Recordé entonces una comedia argentina sobre una guardia urbana conformada por un trans, un anciano, un ciego, una paralítica, un judío y un boliviano (al que le dicen “el peruano” porque “es lo mismo”). Uno disfruta de la parodia y de su tono sarcástico, que se mofan de esta realidad tan inclinada a dar lecciones morales, pero que es incapaz de exorcizar primero sus demonios.
Otro halo lo trae Ojitos de huevo, una serie en la que los protagonistas son dos jóvenes, uno ciego y otro con parálisis cerebral (interpretados por actores con las mismas discapacidades), cuya narrativa está envuelta en un humor negro algo liberador para quienes elegimos sin injerencias cuándo ofendernos y cuándo no. Pero sobre todo, presumo, liberador para los actores. Y en ese mecanismo de tratarnos por igual y reír por igual, Netflix –que parece estar en un buen camino de retorno– acaba de anunciar la nueva temporada de esta serie con un “se veía venir”; y usando una valla publicitaria se dirige al protagonista no vidente para decirle: “Sabemos que no estás viendo esto, pero ¡va a haber segunda temporada!”.
Desgracias –en mayor o menor medida– nos pasan a todos, pero hay que reír para sanar. El terremoto en México de 1985 causó más de 20.000 muertos y unas 250.000 personas quedaron sin casa. El país quedó devastado. Aun así, los mexicanos después de llorar, reíamos. A los pocos días del desastre, la primera dama de Estados Unidos, Nancy Reagan, llegó de visita y se decía que lo primero que había hecho su par, la anfitriona, fue pedirle disculpas por el desorden…
Recientemente, unos 15.000 bolivianos sufrimos un profundo chasco por la cancelación del concierto que Luis Miguel daría en Santa Cruz. Aunque he sufrido peores cosas, me frustró. Y en pleno intento por superar ese revés llegaron los primeros memes alusivos. Esas distorsiones de la adversidad en forma de videos o imágenes le dieron un giro inmediato a mi ánimo. Al carajo con el Sol de México.
Es que los memes también son un baluarte contra los artificios de los “escrupulosos”. Esos que se pasan extrayendo biopsias de las almas ajenas, esperando encontrar algo maligno. Son la trinchera contra quienes escanean a los que intentamos no caer en el paternalismo porque sabemos de nuestras íntimas miserias y hemos aprendido a reírnos también de ellas.

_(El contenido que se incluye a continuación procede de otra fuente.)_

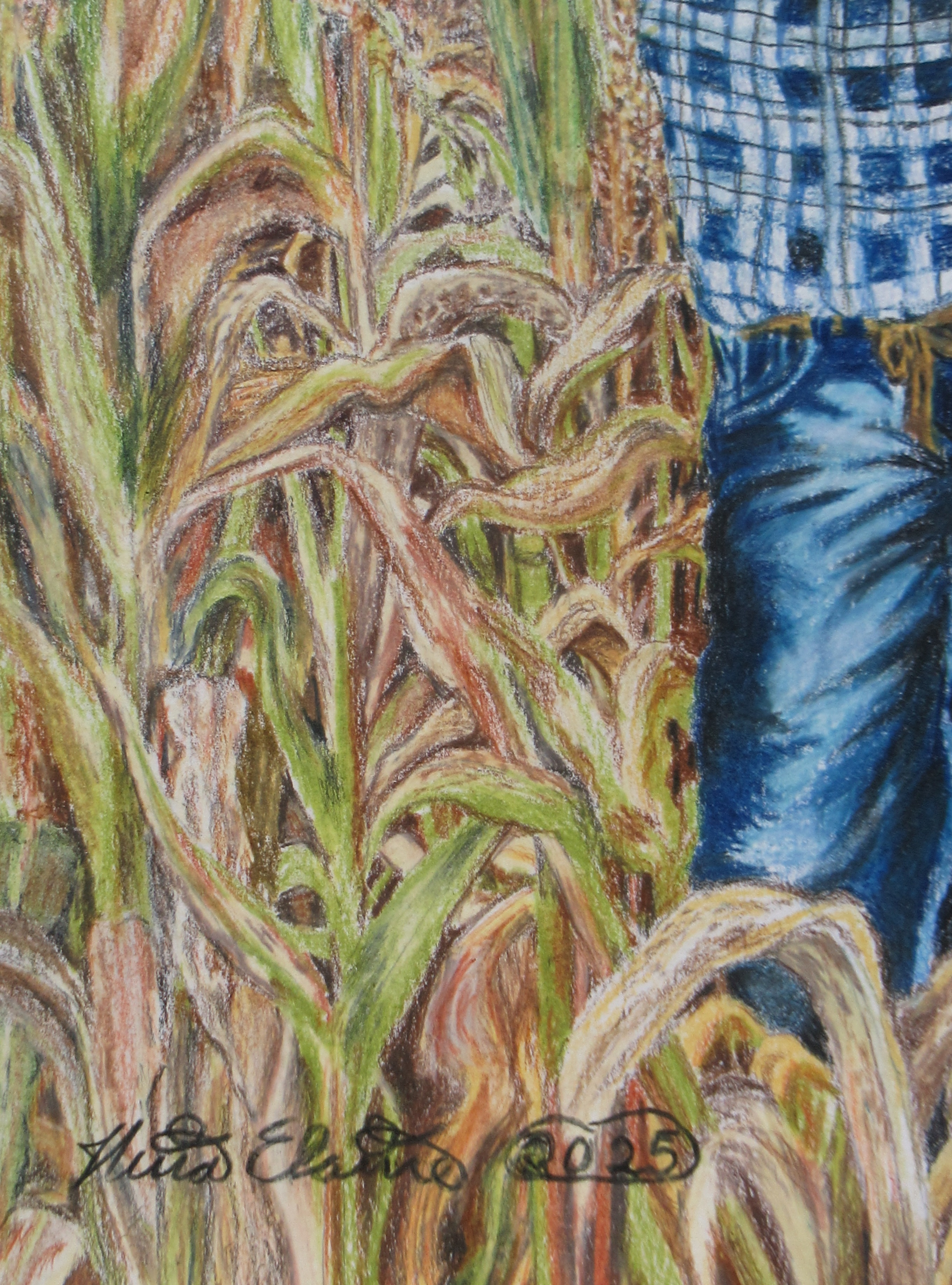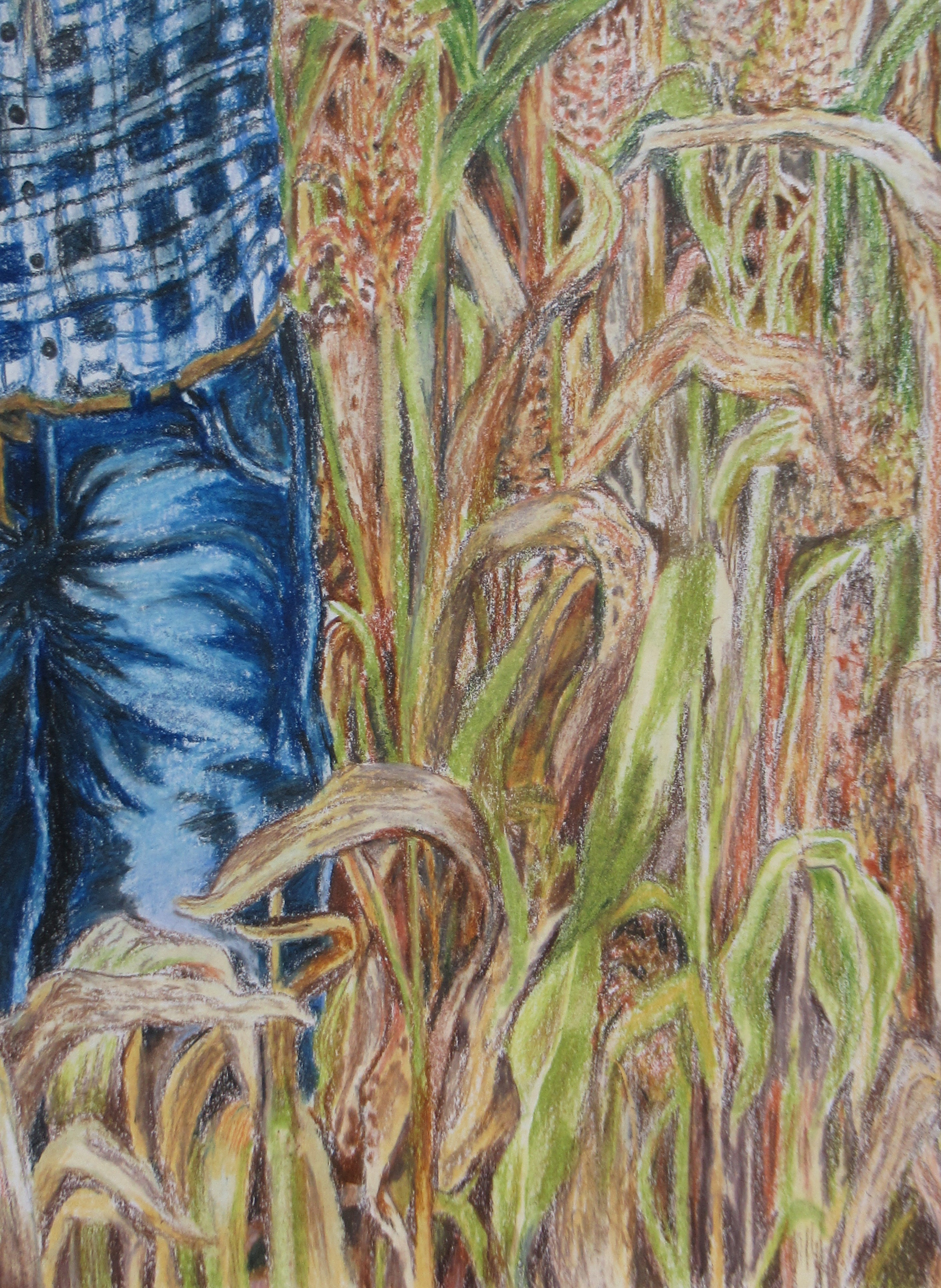 Inspired by the beauty of fall and all the fun things this season of harvest has to offer, this piece of art features a scarecrow guarding his cornfield with a friendly farm cat perched upon his shoulders.

Quienes carecen de sentido del humor y no han descubierto su efecto redentor, lo tienen más difícil. No solo no distinguen una broma de un insulto, sino que confían en la falacia de que si no ríen son mejores personas, cuando lo que sucede es que les cuesta más reparar sus propias discapacidades.
Por algo Winston Churchill decía: “La imaginación consuela a los hombres de lo que no pueden ser. El humor los consuela de lo que son”.